Since much of my last week was consumed with Regionals and I took away quite a bit of insight from the event as a whole, I’m going to continue in my series of Regionals based posts.
I got the privilege over the Regionals weekend to talk to almost every elite athlete and team here in SoCal. One of the prerequisite questions I asked almost everyone was “What was your training regimen like for 2012, and how did that differ from 2011?” It was a pretty awesome experience, gaining some insight from some seriously legit CrossFitters as to how they approach their workouts, in preparation for things like Regionals.
Bar far the biggest shared response was what i’m going to classify as “training up”. This can be almost any and everything – and it actually should be pretty specific to each team/athlete’s case. However, all it simply means is putting yourself in an even crappier place during training to achieve better results on the field.
For some, training up simply meant more volume. Getting in 2 or 3 workouts a day was pretty common for most athletes. For others, it meant dealing with things outside of the box. Actually following a strict diet, forcing themselves to sleep more, properly taking supplements, and being diligent about mobility were also common themes.
Almost 100% of the athletes mentioned putting a little more emphasis on their goats. It’s pretty easy to focus on the things you’re strong at, but to pay specific attention to the things you’re weaker at is tough for some.
Grundler’s Weight Vest
Hands down, my favorite training up story came from Bill Grundler. He told me that he realized that he needed a little extra something to try to make up spots that kept him out of the games for many years in a row. What he decided to do was wear a weight vest for everything he did once he stepped into the gym. He literally told me that the first two things he did when he got to the box was put on his shoes, then put on his vest.
Whatever the WOD(s) were for that day, it didn’t matter. Row 2000m? Wear the vest. Snatch 1-1-1? Wearing that vest! Cindy? Vest. Handstand walks? Vest. Well you get the picture. He said that he got fairly used to working with the vest on, that once he hit the point in his training for Regionals that he would start working out without the vest, everything felt so much lighter, faster, and more explosive.
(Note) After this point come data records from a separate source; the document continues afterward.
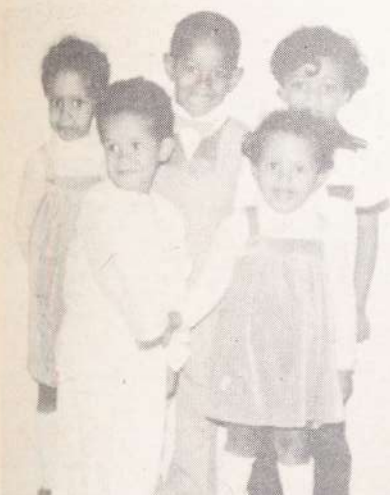
WATOTO WALIO jaa turaha tele wakiwa wamevalia maridadi tarani kwa sherehe za Idd-ul-Hajj. Kutakuwa na michezo ya aina mbali mbali kuwafurahisha watoto kama hawa katika maonyesho ya Makadara.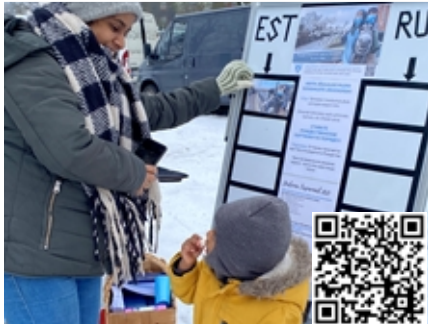
Kun järjesti jouluevankeliumin kuvat tapahtumajärjestykseen, sai palkinnoksi sukat/lapaset tai kuvaraamatun.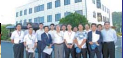
9/14 オプションツアー ヤナギヤ工場見学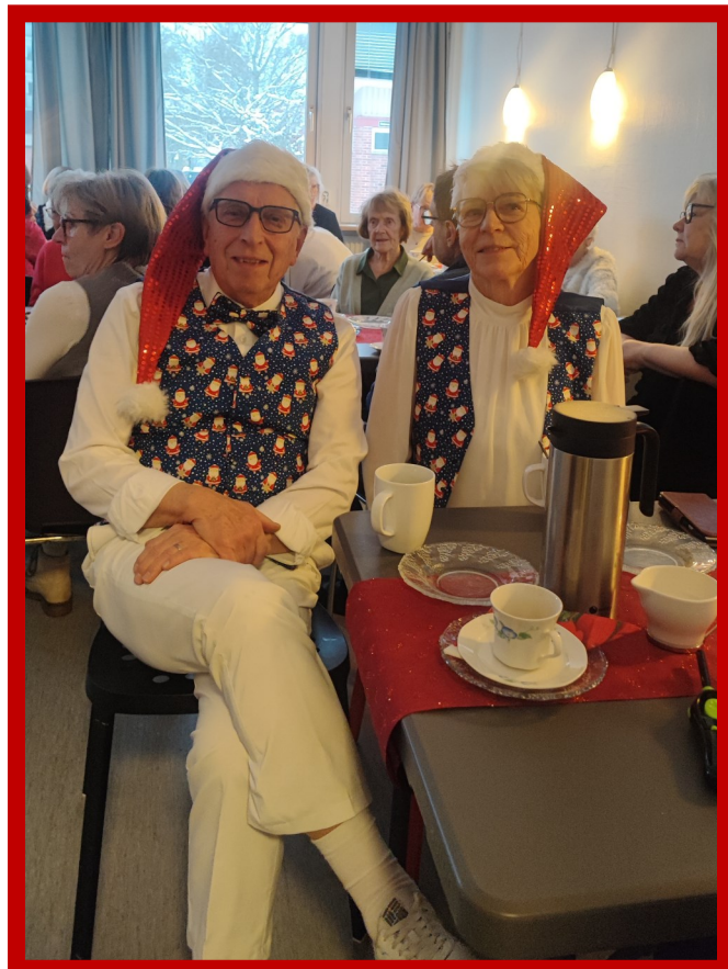
Vestarna i sina fina västar

Mötesplatsen kommer igång igen torsdag den 18 januari i den lilla stugan i stora lekparken kl. 14:00 som tidigare.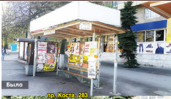
Было пр. Коста, 283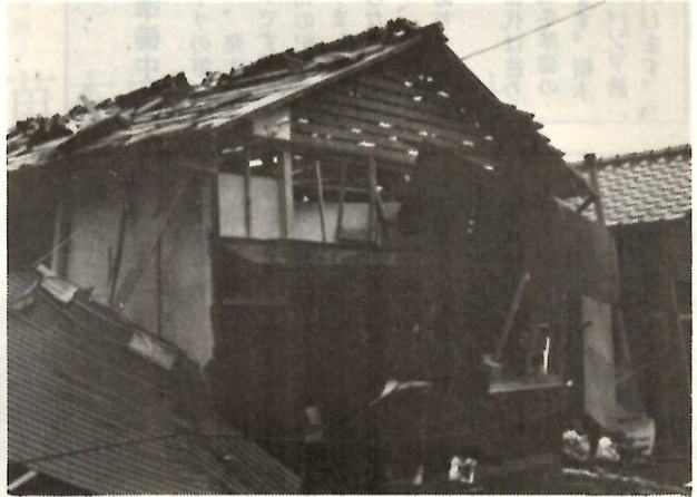
ガス漏れ爆発のため、新しい家も一瞬に……。

プロパンガスは正しく使えば、たいへん便利な燃料であるため、多くの家庭で使われています。しかし、ちょっとした取り扱いの不注意によって、大惨事もときどき起こっています。ガス事故の主原因は点火ミス、ホースの老化、コックの締め忘れなど、い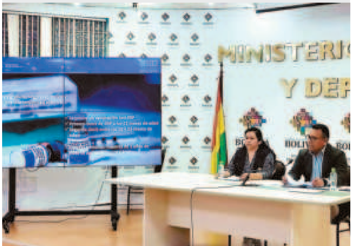
Autoridades del Ministerio de Salud y Deportes en conferencia de prensa, ayer.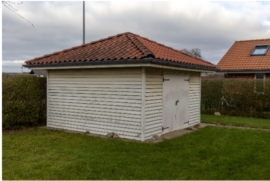
Redskabsskur i det nordøstlige hjørne.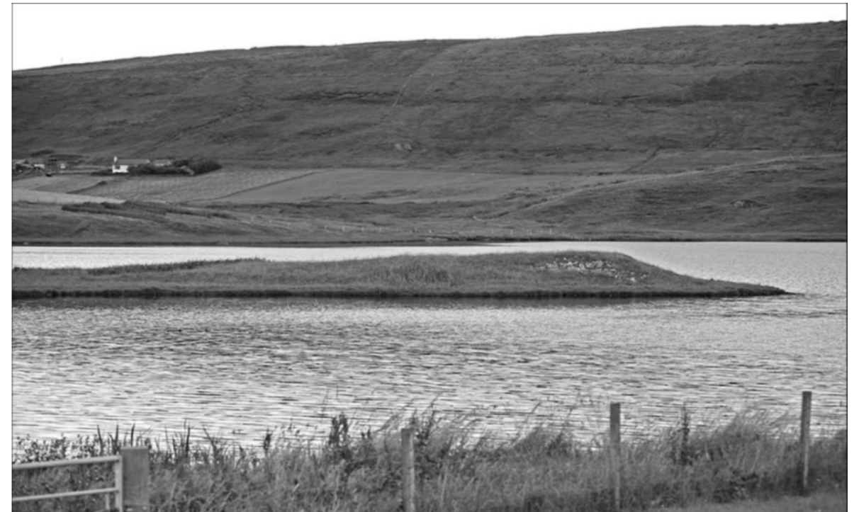
The Law Ting Holm, Loch Tingwall (Shetland)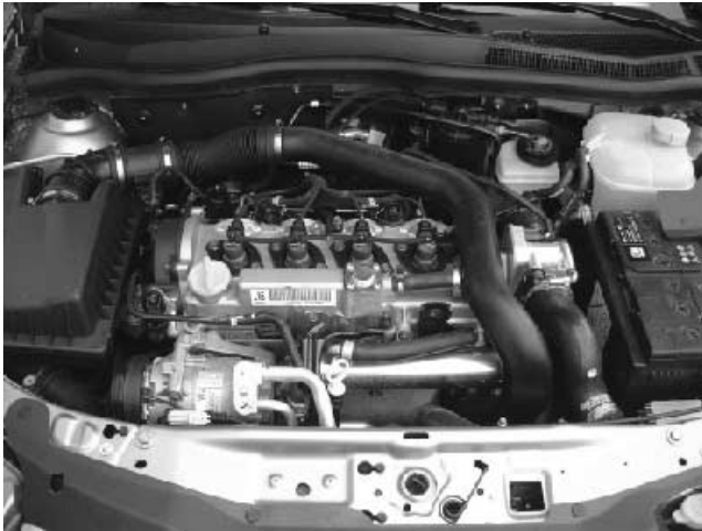
APRIRE IL COFANO E TOGLIERE IL COPERCIO MOTORE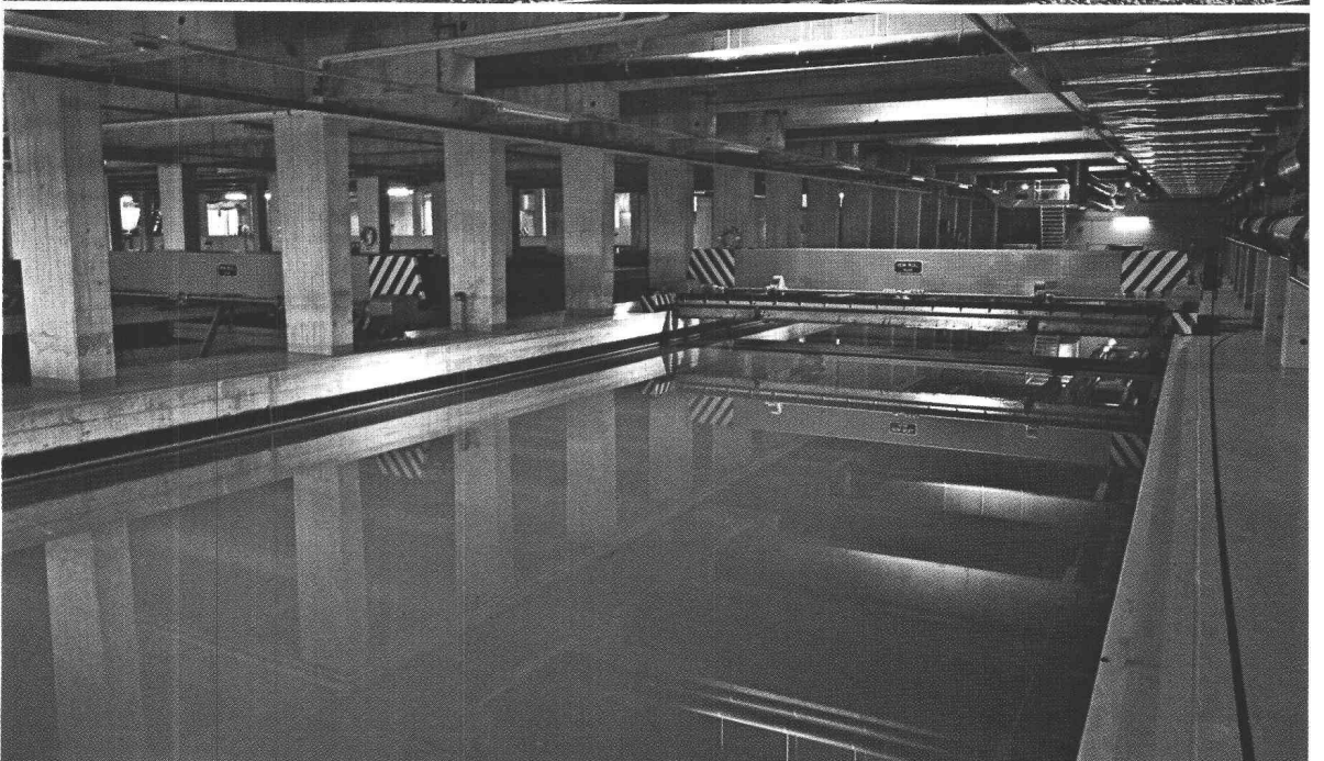
Station d'épuration des eaux à Vevey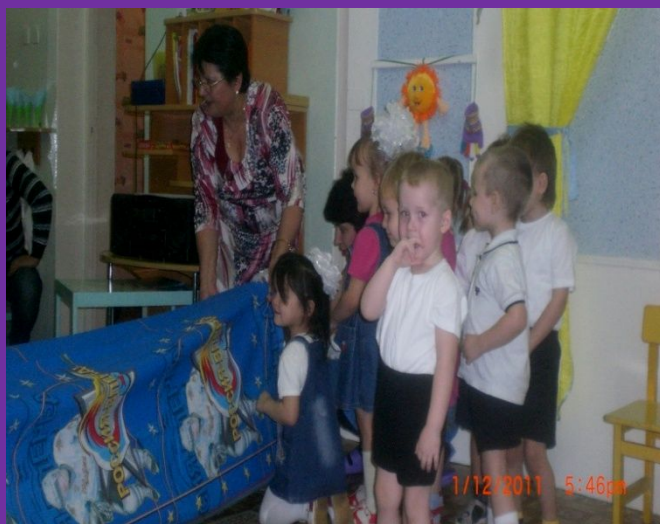
Спортивные досуг «Веселые старты» 2011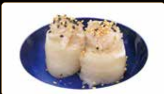
205. GIO WHITE € 5,00 tartar di ricciola e branzino, riso esterno ricciola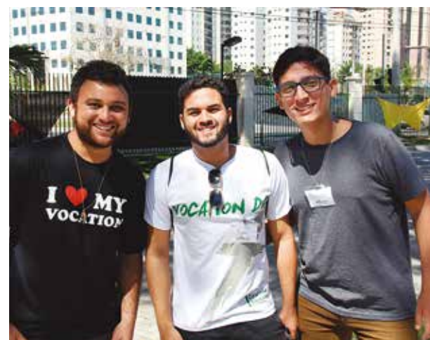
Todos somos chamados a ser santos, vivendo com amor e oferecendo o próprio testemunho nas ocupações de cada dia, onde cada um se encontra.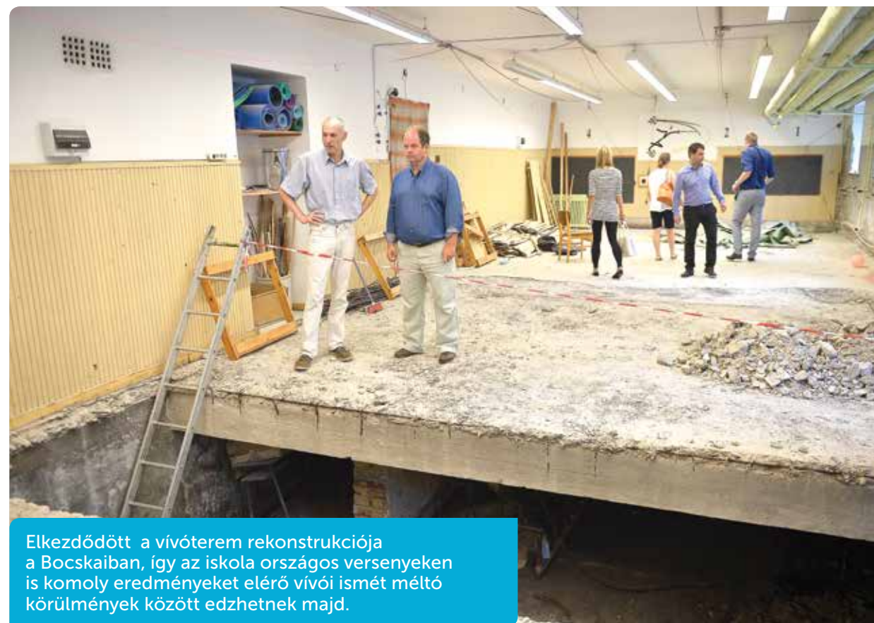
Elkezdődött a vívóterem rekonstrukciója a Bocskaiiban, így az iskola országos versenyeken is komoly eredményeket elérő vívói ismét méltó körülmények között edzhetnek majd.

Idén valósult meg a Bikás park közvilágításának teljes rekonstrukciója, így este is biztonságban lehet közlekedni az egész területen. Jelenleg is zajlik a biotó kialakítása, amely képes lesz gépek nélkül, természetes módon fenntartani önmagát. A tó medrét már feltöltötték vízzel, és épülnek a stégek is, amelyek természetközeli teszik a szieszázás élményét. A tó melletti központi részen vízes játéktér lesz majd, itt szökőkutak és páraakapuk szórakoztatják a kisebbeket a meleg nyári napokon. A Bikás új játszótérén is zajlanak a munkálatok, a régi pedig jövőre újul meg. A játszótér mellett zárt gyerekfoglalkoztatást hoznak létre, de a vízblokkokat rejtő kiszolgáló épület, a parkkörépület és a raktárak is épülnek. A kerület-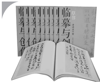
“临摹与创作”丛书(共10册)李宏伟、李斯特著/荣宝斋出版社2020年3月版/380.00元

“临摹与创作”丛书近日由荣宝斋出版社出版。捧读该套丛书,令人神清气爽,如饮甘醴,回味无穷。顾名思义,该书的意义在于打通书法临摹与创作的鸿沟,给书法创作者提供一座通向自由创作的桥梁。集古字是创作中的重要一环,史书记载米芾:“壮岁未能立家,人谓吾书为集古字,盖取诸长处,总而成之既老,始自成家人见之,不知以何为祖也”。可见米芾就经历了一段集字创作的阶段,最后卓然成家。该丛书遵循书法的创作规律,以集字的方式面世,共10册,八开本,印刷精美,设计精良,是不可多得的图书,它有两个特点。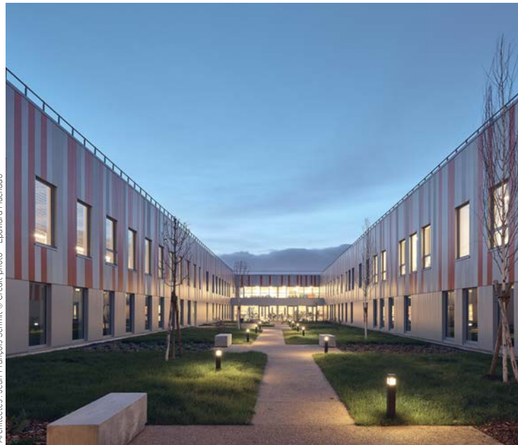
Architectes : Jean-François Schmit

This is such a classic tale of training up – dropping an additional 20lbs on you for everything you do. Whatever your goals are, one thing is safe to say: If you train at a place that’s harder than you’ll need to be – you’re only making your life easier when you’re there.
Workout of the Day 5/15/2012
Static Hang Above Bar
Static Hang At Bottom
Take a few minutes to determine your best effort at each station.
40 Over The Mountain (20#/16#)
40 Med Ball Throws (12’/4′)
400m Run w/Med Ball
In teams of 2, complete the above. Over the Mountain is like a Wall Ball with full squat. You can share the med ball carrying duties however you like. If the ball ever touches the ground, each athlete must do 3 burpees before continuing.